Kommentar von Richard Wilhelm:
Es ist eine Zeit, da die Gemeinen im Vordringen sind und eben im Begriff stehen, die letzten Starken und Edlen zu verdrängen. Darum, weil das im Lauf der Zeit begründet ist, ist es für den Edlen unter solchen Umständen nicht förderlich, etwas zu unternehmen. Aus den Bildern und ihren Eigenschaften ist das rechte Verhalten in solchen widrigen Zeiten zu entnehmen. Das untere Zeichen bedeutet die Erde, deren Eigenschaft die Fügsamkeit und Hingebung ist, das obere Zeichen bedeutet den Berg, dessen Eigenschaft die Stille ist. Das legt den Rat nahe, sich in die böse Zeit zu fügen und stille zu sein. Es handelt sich hier nicht um menschliches Machen, sondern um Zeitverhältnisse, die nach himmlischen Gesetzen auch einen Wechsel von Zunahme und Abnahme, Fülle und Leere zeigen. Diesen Zeitverhältnissen läßt sich nicht entgegenwirken. Daher ist es nicht Feigheit, sondern Weisheit, wenn man sich fügt und vermeidet zu handeln.
Das Bild der Zukunft
Der Berg ruht auf der Erde: das Bild der Zersplitterung. So können die Oberen nur durch reiches Spenden an die Unteren ihre Stellung sichern.

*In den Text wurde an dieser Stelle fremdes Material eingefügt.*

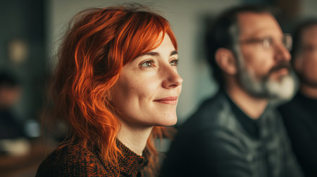 A professor with vibrant red hair is thoughtfully engaged in a multidisciplinary research discussion with colleagues in a modern academic setting.

Kommentar von Richard Wilhelm:
Der Berg ruht auf der Erde. Wenn er steil und schmal ist und keine breite Grundlage hat. so muß er einstürzen. Nur dadurch. daß er breit und groß sich aus der Erde erhebt, nicht stolz und steil, ist seine Stellung gesichert. So ruhen auch die Herrschenden auf der breiten Grundlage des Volks. Auch für sie gilt es, freigebig und großzügig zu sein, wie die Erde, die alles trägt; dann werden sie ihre Stellung in Sicherheit bringen wie die Ruhe eines Berges.